The diagnosis is made by the doctor based on examination and questioning of the patient. Sometimes, dermoscopy of the skin helps in the diagnosis, which is an examination under magnification with a special tool. Dermoscopy can be useful in some cases to distinguish seborrheic dermatitis from other skin conditions that may look similar. For example, psoriasis or systemic lupus erythematosus.

Treatment of Seborrheic Dermatitis

The treatment of seborrheic dermatitis does not eliminate the cause, but relieves symptoms: it removes scales, reduces itching, swelling and redness, soothes inflammation. Doctors usually prescribe topical agents: antifungal agents and corticosteroids – hormonal drugs that relieve inflammation. For treating dermatitis on the scalp, they are used in the form of shampoo, and on the face and body – in the form of creams and ointments.
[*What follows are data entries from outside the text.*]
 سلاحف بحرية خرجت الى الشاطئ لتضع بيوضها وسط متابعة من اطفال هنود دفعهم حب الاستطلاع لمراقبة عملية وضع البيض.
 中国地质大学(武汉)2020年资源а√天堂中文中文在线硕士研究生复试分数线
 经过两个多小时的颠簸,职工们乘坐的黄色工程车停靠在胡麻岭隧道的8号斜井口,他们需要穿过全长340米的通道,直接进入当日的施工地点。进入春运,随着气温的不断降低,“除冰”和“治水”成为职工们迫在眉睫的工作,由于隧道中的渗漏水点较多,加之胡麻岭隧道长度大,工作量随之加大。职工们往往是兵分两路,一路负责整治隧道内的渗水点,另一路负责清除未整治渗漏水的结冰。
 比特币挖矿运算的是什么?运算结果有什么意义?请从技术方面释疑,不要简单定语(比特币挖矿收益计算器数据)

For seborrheic dermatitis on the head, antifungal shampoos with ketoconazole or climbazole may be prescribed, for example, “Nizoral” – it contains ketoconazole. They should be washed twice a week, but not constantly, not more than a month. Then, once every two to four weeks, they are used for prevention, constantly using familiar shampoos.

During flare-ups of dermatitis, corticosteroid ointments, like hydrocortisone, may be prescribed. Typically, they are given for a short time, usually no more than two weeks, just to relieve inflammation.
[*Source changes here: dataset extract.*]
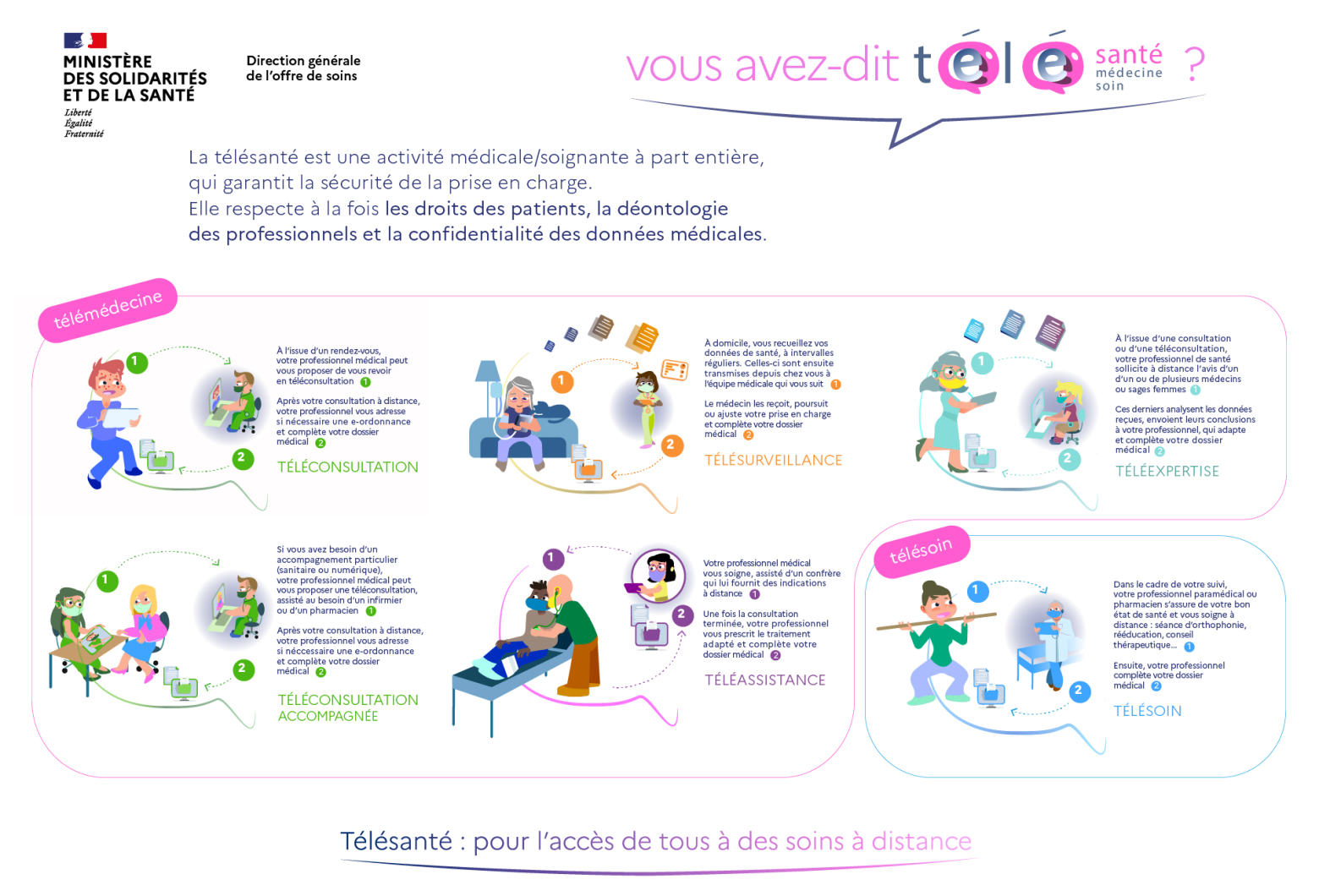 La télésanté englobe plusieurs prestations, dont les deux principales :
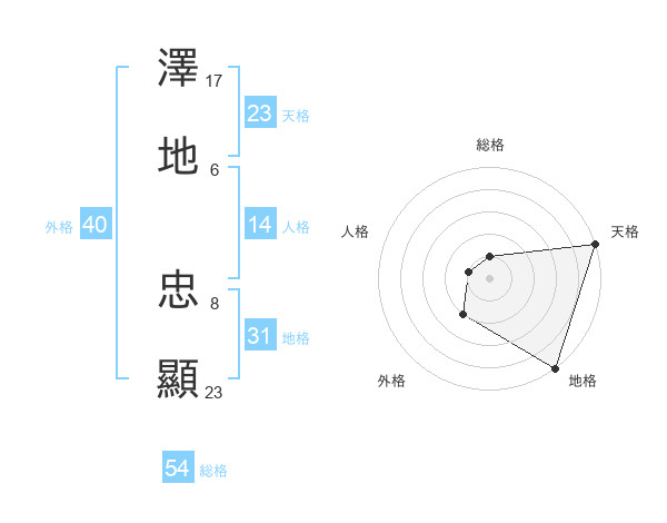 澤地 忠顯さんを姓名の画数から五運を鑑定

A doctor can also prescribe shampoos and creams with zinc pyrithione, an antifungal agent. 

Is it necessary to take vitamin or mineral supplements when suffering from seborrheic dermatitis?

Seborrheic dermatitis is a chronic skin inflammation disease that is not related to a deficiency of vitamins and minerals, so they are not used in its treatment. The practice of prescribing supplements probably existed when there was less known about the causes and how this disease occurs.

Diet for seborrheic dermatitis

Evidence-based doctors believe that healthy skin requires simply a balanced and healthy diet. There are no convincing data on the benefits of any particular diet for seborrheic dermatitis to date.

But different dermatologists can advise not to eat fried, fatty, spicy, sweet and avoid drinking alcohol. So the rule is simple: no more than three candies a day, or one piece of cake, or three pieces of yeast bread.

Remember

  • Seborrheic dermatitis is a chronic condition characterized by redness, irritation, inflammation, itching, and plaques appearing on the skin. This can occur on the face, back, chest, or on the forehead near the hairline.
  • Dermatitis can be confusing with other conditions like rosacea, eczema, or psoriasis, so you will need a dermatologist to diagnose it.
  • Among the drugs, topical corticosteroids, which reduce inflammation, and antifungals are effective. However, they cannot be used for a long period.
  • It is important to choose skin care that won’t aggravate skin irritations.
  • There is no evidence that diet directly affects the skin condition in seborrheic dermatitis, but a healthy and nutritious diet is definitely beneficial.